South Carolina Firsts

Submitted by Desire'e on Tue, 10/26/2021 - 14:52
  • In 1526, Lucas Vásquez de Ayllón founded San Miguel de Guadalupe, the first white European settlement near present-day Georgetown. The Spanish settlement was unsuccessful and failed within a few months. 
  • The Stono Rebellion was not the first slave revolt in South Carolina. The enslaved Africans that came with the Spanish colonizers revolted in November 1526. It is said that these enslaved Africans either traveled south as winter approached or was helped by the local Native Americans. 
  • The Parsonage Provincial Library in Charleston, South Carolina, was the first public lending library in the American Colonies. The library was founded in 1698. 

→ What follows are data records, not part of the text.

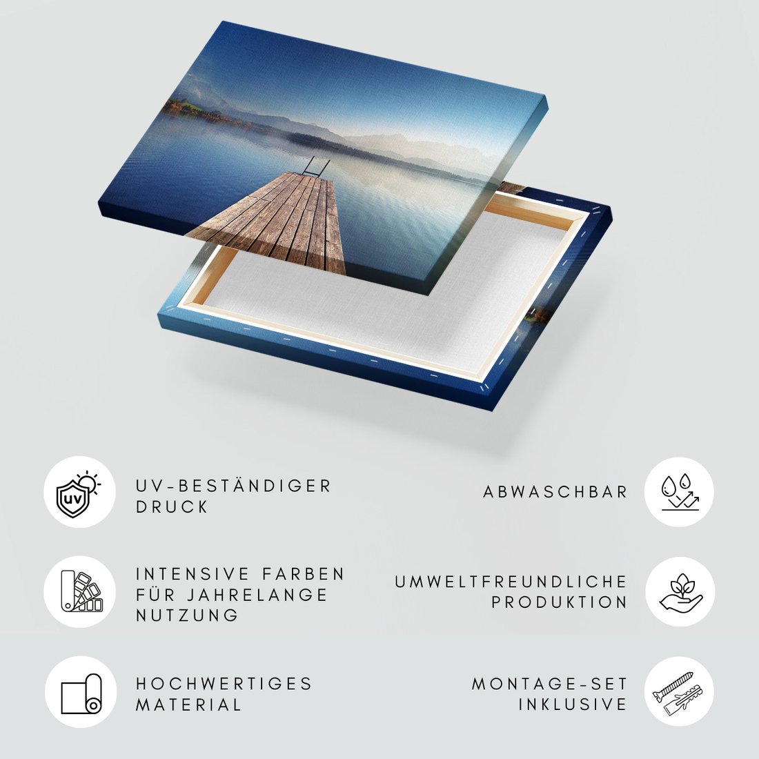 Obraz na płótnie z motywem jezioro, molo, góry to kwintesencja estetyki i trwałości. Dzięki łatwemu montażowi i uniwersalnemu wzornictwu, czyni go idealnym wyborem zarówno do codziennego użytku, jak i na wyrafinowany prezent.
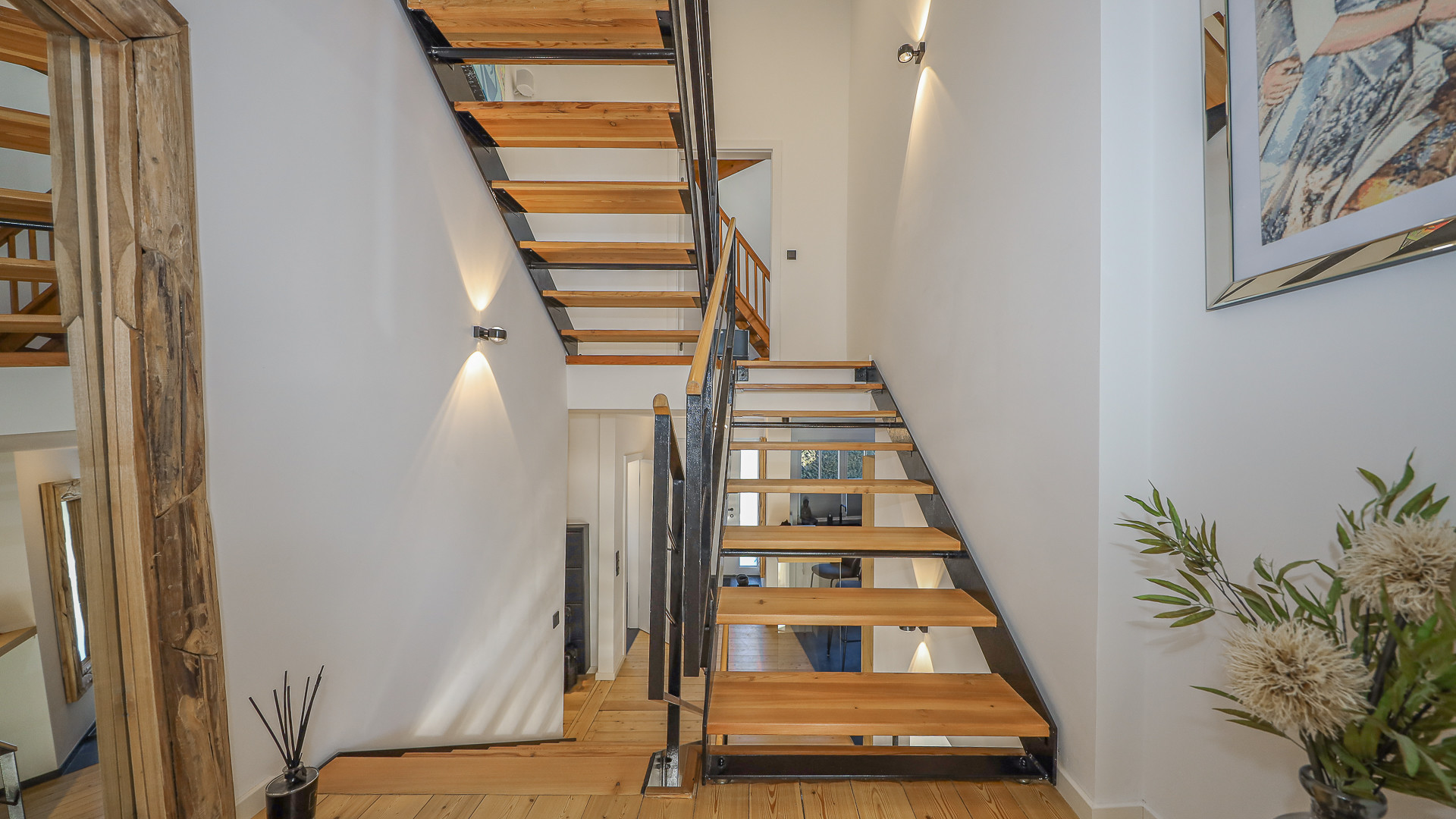 Das Haus wurde 2023 generalsaniert und teilt sich wie folgt auf: im Erdgeschoss befindet sich die Diele, ein Gäste-WC, ein kleiner Abstellraum und die komplett ausgestattete Küche mit Bar.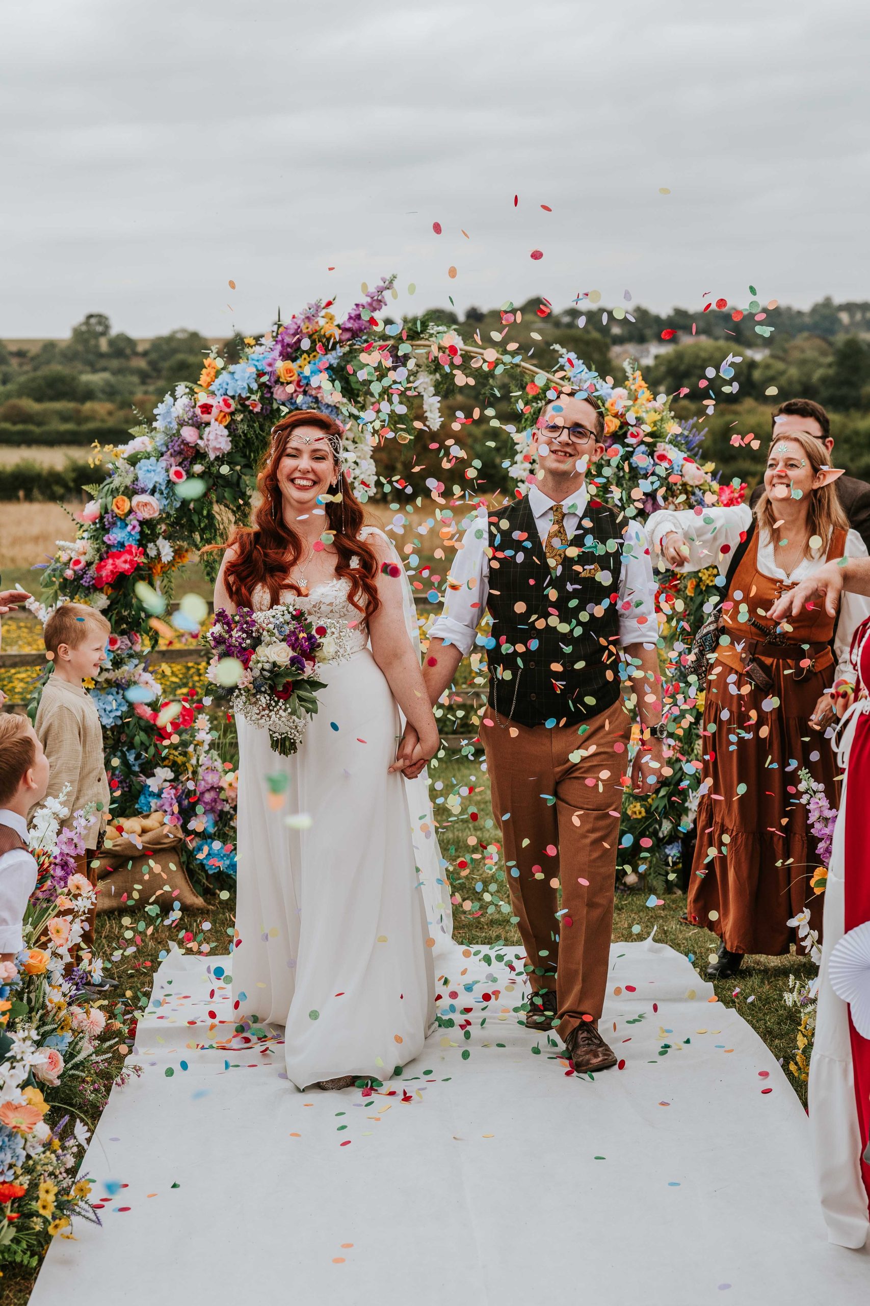 Chloe’s dress and accessories were very Arwen-coded, elegant and ethereal while still feeling completely her. I was also obsessed with the effort the guests made with their outfits, as well as the celebrant fully committing to the theme dressed as Gandalf. It was one of those weddings where everyone truly leaned in, and it made the atmosphere unforgettable.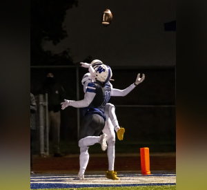 Western defensive back Carson Barringer (11) breaks up a pass in the end zone in the Warriors’ 14-13 playoff win over Mott. PHOTO by Teresa Presty.
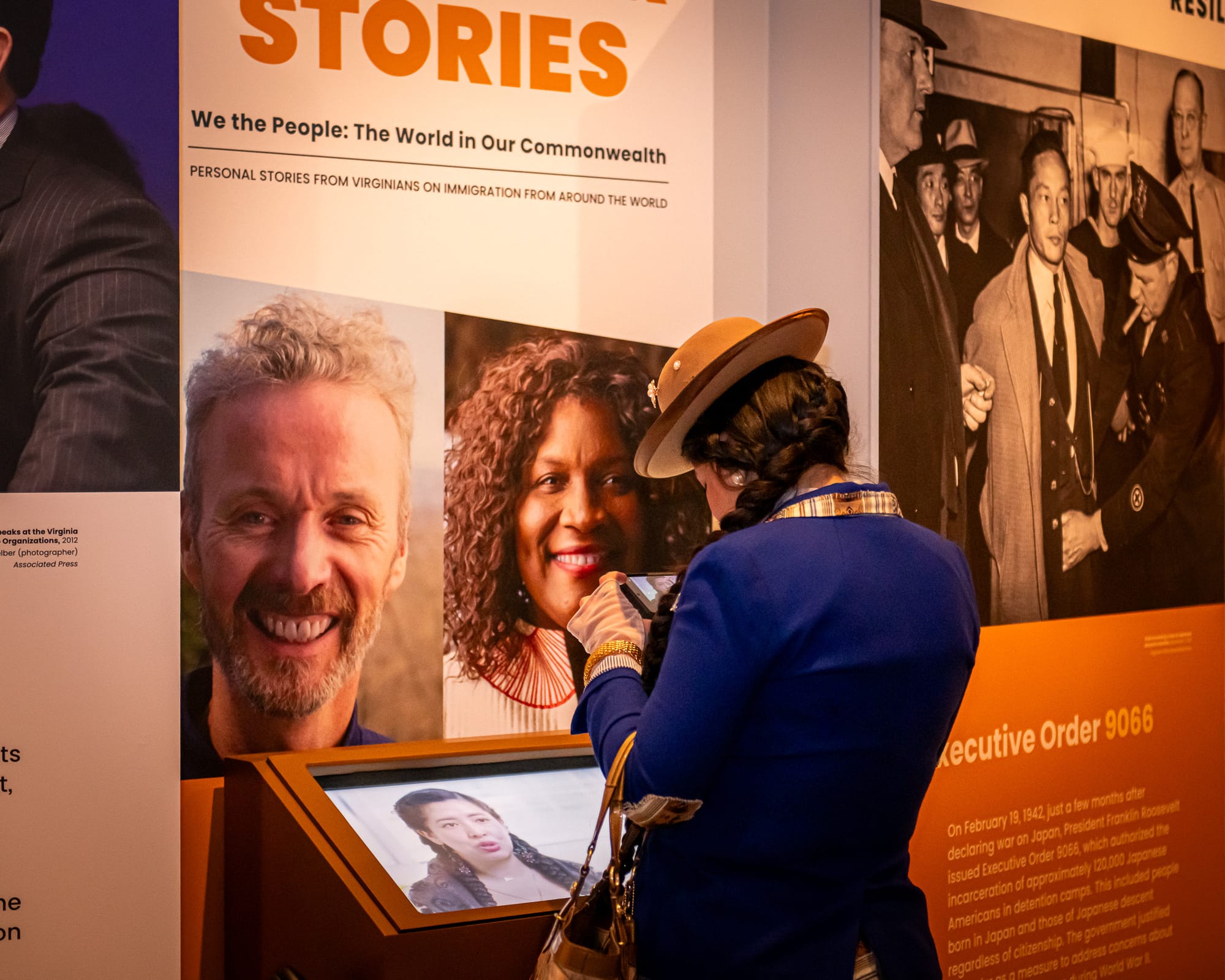 In addition to the traditional displays, there are videos which provide a history of immigration to the United States and Virginia, as well as two oral history kiosks, which will feature six people the curators interviewed, as well as touch screens that talk about various immigrant communities within the state.

  • "Flora," the first opera performed in the United States was premiered in Charleston, South Carolina, on February 8, 1735. 

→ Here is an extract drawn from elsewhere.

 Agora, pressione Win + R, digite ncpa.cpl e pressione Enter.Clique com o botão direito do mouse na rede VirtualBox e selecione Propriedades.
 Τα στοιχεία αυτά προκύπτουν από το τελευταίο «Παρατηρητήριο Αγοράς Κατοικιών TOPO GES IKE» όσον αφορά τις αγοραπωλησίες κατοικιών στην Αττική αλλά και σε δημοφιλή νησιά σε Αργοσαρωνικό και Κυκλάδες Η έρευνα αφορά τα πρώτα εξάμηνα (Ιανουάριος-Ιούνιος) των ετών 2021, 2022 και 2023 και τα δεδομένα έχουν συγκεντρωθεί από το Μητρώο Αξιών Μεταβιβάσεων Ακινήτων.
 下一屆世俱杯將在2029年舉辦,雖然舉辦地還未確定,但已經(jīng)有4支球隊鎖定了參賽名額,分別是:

  • The Charleston Museum is the first museum in America. The museum was founded in 1773 and opened to the public in 1824. 

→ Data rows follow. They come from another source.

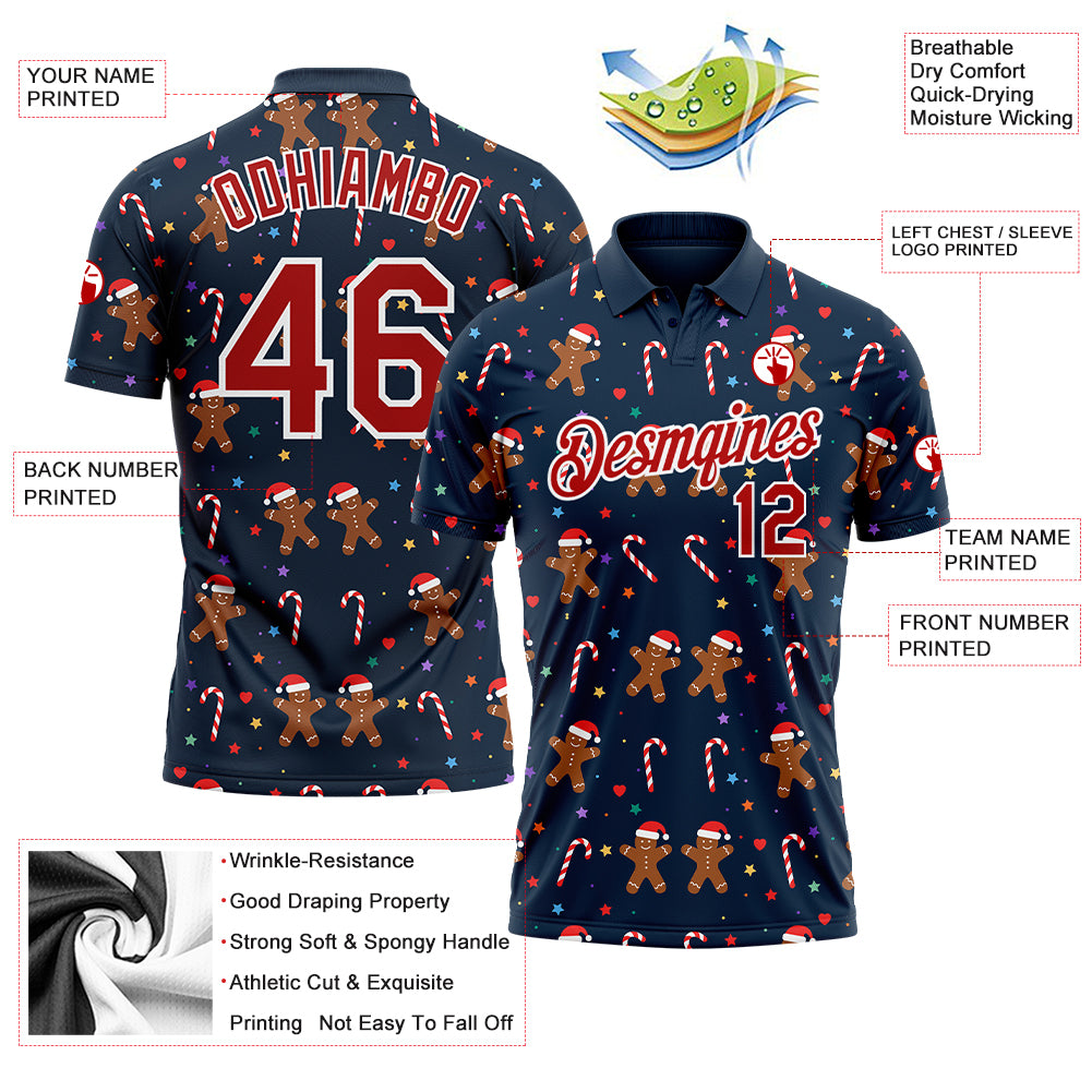 Custom Name and Number 3D Christmas Golf Polo Shirt – Personalized Navy Red-White Performance Team Apparel Personalized Navy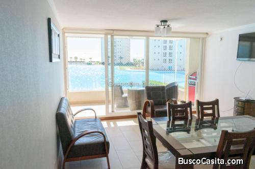 Departamento con excelente vista y ubicación en playa grande de Papudo, en gran Condominio con laguna artificial navegable, con salida directo a la playa, amplias áreas verdes, canchas de tenis y futbolito, sala de eventos, piscinas. Condominio cercano a CESFAM (centro de salud familiar), almacenes, botillerias, feria de frutas y verduras, marisquería, pescadería, y mucho más.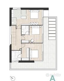 Al piano primo troviamo tre camere da letto, tre bagni e un ampio terrazzo di circa 35 m².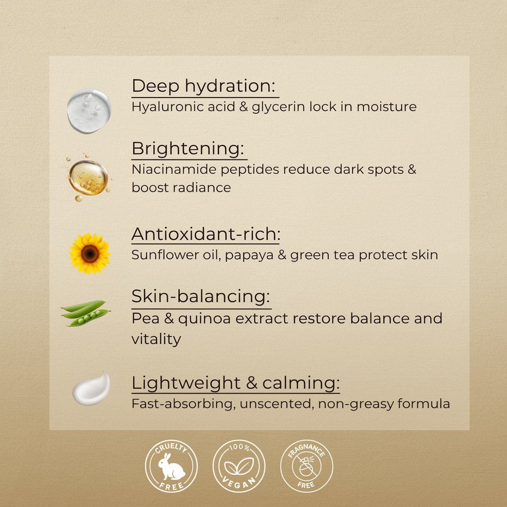 Aqua (Water), Sodium Hyaluronate, Niacinamide, Pisum Sativum (Pea) Seed Extract, Chenopodium Quinoa Seed Extract, Caprylic/Capric Triglyceride, Helianthus Annuus (Sunflower) Seed Oil*, Carica Papaya (Papaya) Fruit Extract*, Camellia Sinensis (Green Tea) Leaf Extract, Glycerin, Glyceryl Stearate, Cetearyl Alcohol, Sodium Stearoyl Lactylate, Cetyl Alcohol, Phenoxyethanol, Stearic Acid, Ethylhexylglycerin, Xanthan Gum

  • Built in 1830, the Best Friend of Charleston was a steam-powered railroad locomotive considered to be the first locomotive built entirely within the United States for commercial service. It produced the first locomotive boiler explosion in the United States.
  • Founded in 1770 and chartered in 1785, The College of Charleston was the first municipal college in the nation. 
  • Built on May 6, 1840, the South Caroliniana Library was the first building to be used solely as a college library. 
  • South Carolina was the first state to secede from the Union. South Carolina was also one of the eleven states to form the Confederate States of America.  
  • The First South Carolina Volunteer Infantry was the first black unit of the Union Army during the Civil War. The unit was organized in November of 1862. 
  • Mount Vernon Mills, the first electric textile plant, opened in Columbia in 1893. The mill is now home to the South Carolina State Museum. 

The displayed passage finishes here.